Julia and our members discussed the importance of WIC (the Special Supplemental Nutrition Assistance Program for Women, Infants and Children) and SNAP (Supplemental Nutrition Assistance Program) for population health, targeted marketing tactics and legal loopholes used by food and beverage companies, and her food policy career path.


She highlighted the importance of SNAP in addressing hunger and non-communicable diseases including diabetes, hypertension, and heart diseases. SNAP aims to reduce food insecurity among low-income people and ensure farmers’ financial success 一 often goals that are at odds with each other if we want folks to have access to healthy food. Because most food that is subsidized by the government and grown in large, affordable quantities (e.g. wheat, corn) is used to produce unhealthy products, those products often dominate in SNAP participants’ food environments. Julia shed some light on the ongoing conversation of whether or not SNAP participants should have limitations on what they can purchase with their benefit dollars. Some argue items like soda or chips should be disallowed, but in areas of food apartheid and food insecurity, those items are often the only affordable choice. Limiting purchases may also exclude cultural foods and reinforce a white-washed version of “health,” and decrease individuals’ sense of autonomy.

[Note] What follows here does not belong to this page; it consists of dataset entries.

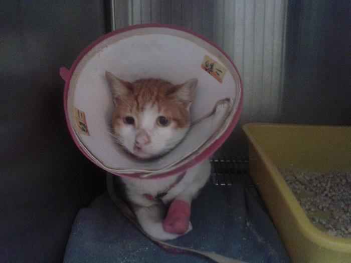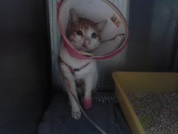 主題: 被捕獸夾夾斷的浪貓 申請者姓名: 楊美雪(郝先生) 花色: 申請日期: 2013-01-31 21:33:45 申請者部落格: 申請者臉書網址: 所在縣市/合作醫院: 台北市/長青動物醫院 治療費用: 18000元 需求人數: 19人 已結案 (2013-08-06 13:51:51) 報名人員: Ping Hussard(已付款)、Richard Hsu(已付款)、Elaine Lin(已付款)、小王(已付款)、Tsai Dobbie(已付款)、Joy(已付款)、Candace Shiue(已付款)、葉小布(已付款)、Mei Hsien Liu(已付款)、Mo Wa、ㄚ珠(已付款)、Kelly(已付款)、那安那(已付款)、chanru(已付款)、Taco Chang、Joyce Tseng(已付款)、翅膀(已付款)、Pei Ying Liao(已付款)、林悠 悠(已付款)、Hui Mei Chen、Shizuka Ho(已付款)、Hsin-Yi Chiao(已付款)、 候補人員: 動物病情說明: 這隻浪貓被夾斷前,曾失蹤1星期..後來發現時已經斷了左前腳爪..並且還在流著血+嚴重感冒!
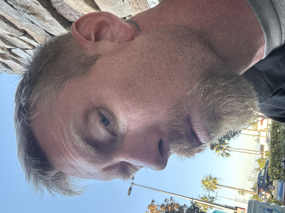 A man’s face is viewed from below, capturing his left profile against a bright sky with palm trees in the background. His short, light-colored hair contrasts with the stubbled beard. Details like the veins visible on his temple, and the subtle lines around his eye, are highlighted. A brick wall is partially visible in the top left.
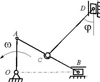 Для данного положения механизма определить расстояние от точки D до мгновенного центра скоростей звена СD длина которого СD = 4 м, φ = 30°. |
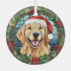 Here's a pretty glass ornament with a stained glass theme, featuring a happy Golden Retriever. The dog is wearing a red and white Santa Claus hat, with a blue sky background. The image is framed in a pretty green holly and red berry circle wreath. This is a high resolution, high quality image, and makes a nice stocking stuffer or decoration for the household who loves a Golden!
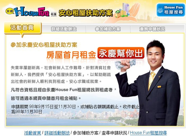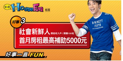 "永慶House Fun租屋網" 最近還推出了"社會新鮮人首月房租補助"~

While SNAP targets hunger, WIC is targeting mother and child nutrition. Therefore, only certain items approved by nutrition professionals can be purchased with WIC benefits. WIC used to use vouchers that could be used to purchase specific items. These vouchers protected users against rising grocery costs, but are cumbersome and difficult to navigate 一 especially for those who are not fluent in English.


Unlike SNAP, WIC has been proven to improve the overall diet quality of mothers and infants. WIC’s prescribed foods like vegetables and fruits that support dietary diversity. Beneficiaries cannot use the benefits to purchase ultra-processed foods or sugar-sweetened beverages.

Several barriers to enrollment in these programs exist in New York: undocumented folks are excluded and many legal immigrants fear political retaliation for participating. People experiencing homelessness, without cooking supplies or access to refrigeration are not able to take advantage of the program. And finally, the income threshold is such that if beneficiaries make slightly more money 一 think a $0.50 raise or being granted full-time hours 一 they experience an even greater hardship than before because they disqualify from benefits. Being “time poor” in general is a barrier to healthy eating: people who work hourly or have inconsistent schedules may not be able to manage meal plans, shopping, budgeting, and cooking. Fresh food delivery was discussed as a potential option to deliver healthy foods in areas with poor access, but short shelf life, and the necessity of a family member at home to receive the package are some inevitable challenges.


Julia also expressed the negative impact of food and beverage company marketing specifically to marginalized communities (who are at greater risk of nutrition-related diseases due to racism, low socioeconomic status, and high levels of allostatic stress) and children. She discussed with our members the idea of “corporate personhood”, and how the First Amendment is being used to allow food companies to continue aggressively marketing their products. We provided members with the link to a webinar and a two-pager from the UConn Rudd Center for Food Policy and Health, if they are interested in learning more about targeted marketing.


Lastly, Julia reminded members that food policy and food law career paths are not limited to law students. She says that strong writing and public speaking skills, and analytical ability, serve her well in the field. Our members loved speaking to and learning from Julia, and we look forward to our next event!